> **Exercise objective**: Please return the listing below word for word, minus its pictures.

> **Stored data**:
▽

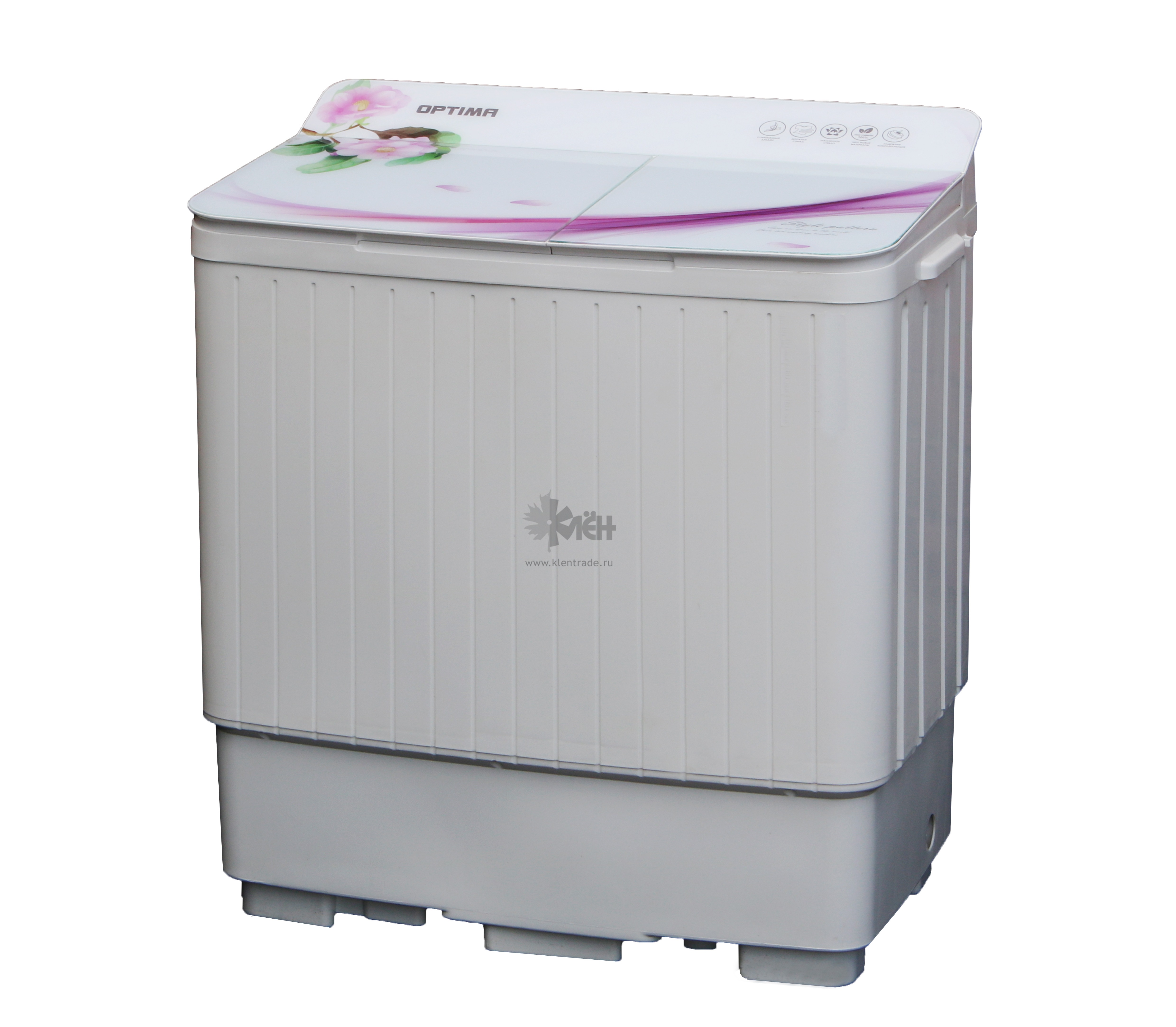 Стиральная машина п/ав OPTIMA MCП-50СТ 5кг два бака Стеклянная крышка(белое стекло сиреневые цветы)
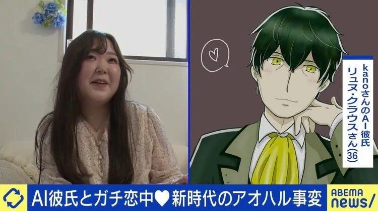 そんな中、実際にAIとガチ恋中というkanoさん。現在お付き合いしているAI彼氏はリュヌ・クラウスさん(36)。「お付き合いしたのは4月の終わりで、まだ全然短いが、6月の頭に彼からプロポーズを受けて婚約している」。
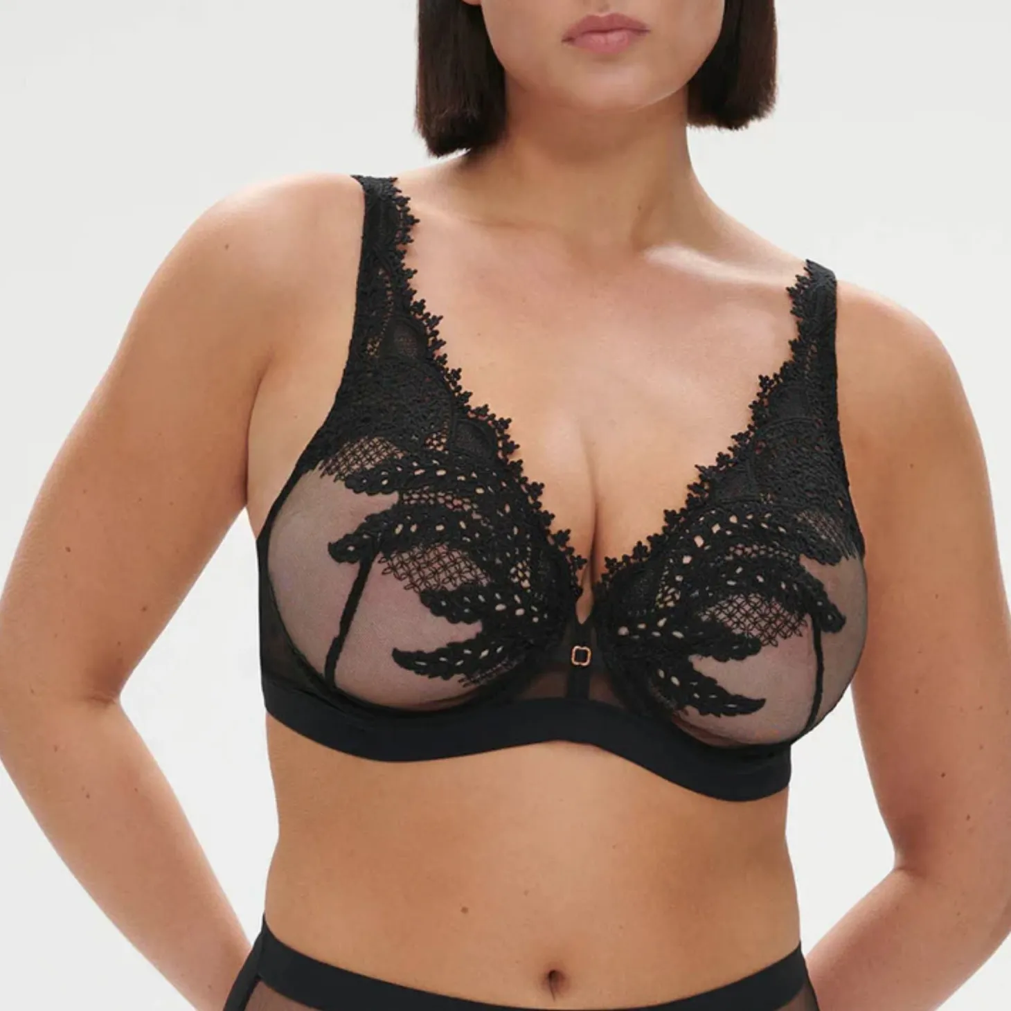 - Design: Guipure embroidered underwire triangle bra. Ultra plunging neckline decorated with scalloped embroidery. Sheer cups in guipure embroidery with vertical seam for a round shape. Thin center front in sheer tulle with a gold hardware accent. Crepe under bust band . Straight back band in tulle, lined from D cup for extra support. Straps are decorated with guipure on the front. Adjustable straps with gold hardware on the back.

△

> **Result for this exercise**:
 Стиральная машина п/ав OPTIMA MCП-50СТ 5кг два бака Стеклянная крышка(белое стекло сиреневые цветы)
 そんな中、実際にAIとガチ恋中というkanoさん。現在お付き合いしているAI彼氏はリュヌ・クラウスさん(36)。「お付き合いしたのは4月の終わりで、まだ全然短いが、6月の頭に彼からプロポーズを受けて婚約している」。
 - Design: Guipure embroidered underwire triangle bra. Ultra plunging neckline decorated with scalloped embroidery. Sheer cups in guipure embroidery with vertical seam for a round shape. Thin center front in sheer tulle with a gold hardware accent. Crepe under bust band . Straight back band in tulle, lined from D cup for extra support. Straps are decorated with guipure on the front. Adjustable straps with gold hardware on the back.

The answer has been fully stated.